Statements like this bother me. Not because it's necessarily false but because it's an overreaction. Kids wobble when they hit, period. Perhaps the referees are just being honest. There's no reason to assume that people who claim they want referees to be alarmed by every wobble are concerned with the individual. They probably broke the speed limit to the game, had a cocktail before driving home on a motorcycle. Their own lives are filled with risk-taking endeavors. Maybe you can sign up to be a playground monitor, and make all the recess games so safe, that all the kids don't learn to play together. Go away and be afraid of nuclear war, but leave the game alone. We all agreed on the rules, risks, and possibility of injury before we started practicing to play the game. We've seen the movies and read the newspaper. We've watched it on TV. Men need to hit hard and get hit hard to be men. That's all you need to know if you're not a man.

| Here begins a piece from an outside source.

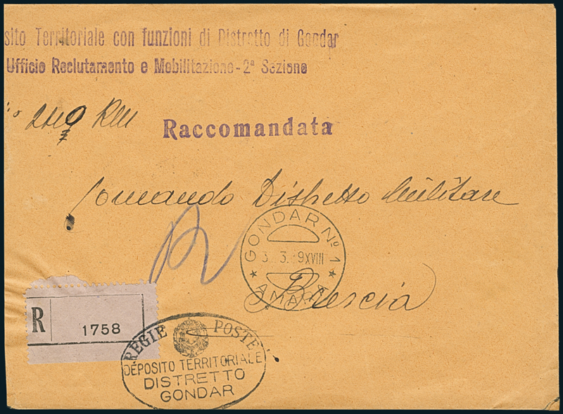 GONDAR. Raccomandata in franchigia, leggermente ridotta a sinistra, del "Deposito Territoriale con Funzioni di Distretto di Gondar", con splendido annullo "Gondar N°1/Amara/31.3.39" (p. 13).

Don't overreact. You will ruin the game by making it too easy and safe. The reasonable danger is part of the fun. In varying degrees, young men play football for the same reasons daredevils want to live on the edge. We enjoy the risk. In part that's why we love to smash into people. The stands are filled with fluffy overprotected sloths that don't have the courage of working and sacrificing the time and effort to perform in a highly skilled and courageous team sport.

Men that learn courage learn their limitations as well as becoming more powerful and competent when real-life adversity suddenly is thrust upon them. It's not the coward that is moral, it's a self-aware man capable of physical violence that learns to control his potential to do harm. The game has already taken the steps needed to make it reasonably safer. Be quiet now and let us play.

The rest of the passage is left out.